2. The diagnostic method of claim 1, wherein a further conclusion is drawn from said second conclusion that the air/fuel ratio of the regenerating flow lies below λ.sub.0.
3. The diagnostic method of claim 1, wherein, if, after the control signal S.sub.DB is applied, an increase of the measurement signal λ takes place and a mixture enrichment caused thereby takes place via the lambda control, which leads to an additional air/fuel quantity having the air/fuel ratio λ.sub.0 and in this way to a possible increase in engine speed, which however is compensated by an operationally reliable idle control, a conclusion is drawn that the tank-venting valve has opened from an evaluation of a signal causing this compensation.
4. The diagnostic method of claim 3, wherein the conclusion is also drawn that the air/fuel ratio of the regenerating flow is above λ.sub.0.

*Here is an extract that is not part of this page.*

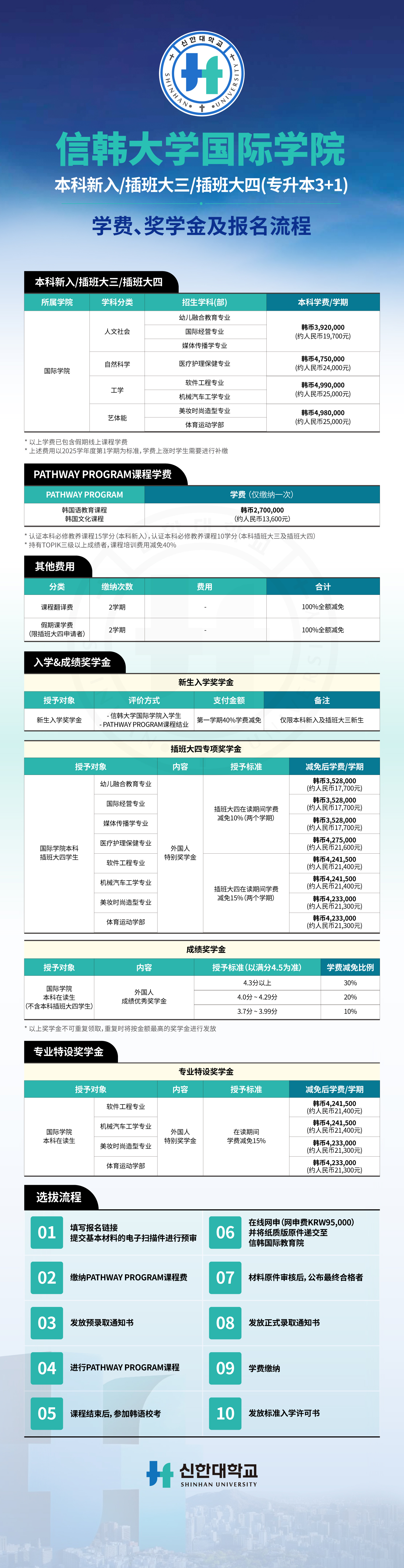 奖学金标准(以成绩为准) 学分标准(满分4.5分) 奖学金金额 4.3分 以上 学费全额的30%奖学金 4.0 ~ 4.29分 学费全额的20%奖学金 3.7 ~ 3.99分 学费全额的10%奖学金 ※ 奖学金仅适用于一年级新生和三年级转学生.
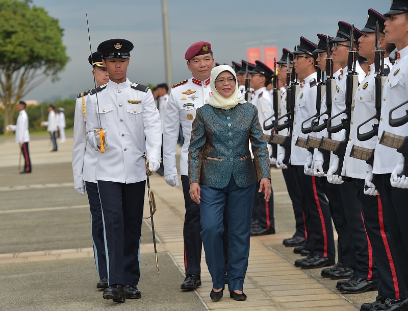 Bercakap pada majlis perarakan memeriksa perbarisan pegawai, Presiden Halimah Yacob menekankan peranan penting yang dimainkan oleh Angkatan Bersenjata Singapura (SAF) dalam berurusan dengan keganasan. Selain daripada membentuk pasukan petugas dengan tahap kesediaan yang tinggi, SAF telah bekerjasama secara aktif dengan Home Team dan mengambil bahagian dalam latihan ketenteraan serantau bagi meningkatkan usaha menentang keganasan.

5. The diagnostic method of claim 1, wherein a conclusion is drawn as to a fault of the idle control, if, after switching off the normal function of the idle controller and the opening signal S.sub.DB is applied, no mixture enrichment of the air/fuel mixture supplied to the engine occurs, that is no reduction of the signal λ takes place, but an increase in engine speed occurs, which however is not compensated after switching on the normal function of the idle control which takes place from a comparison of the particular signals emitted by the engine-speed sensor.
6. The diagnostic method of claim 1, wherein the pregiven values necessary for the comparison are stored in a memory and/or computed.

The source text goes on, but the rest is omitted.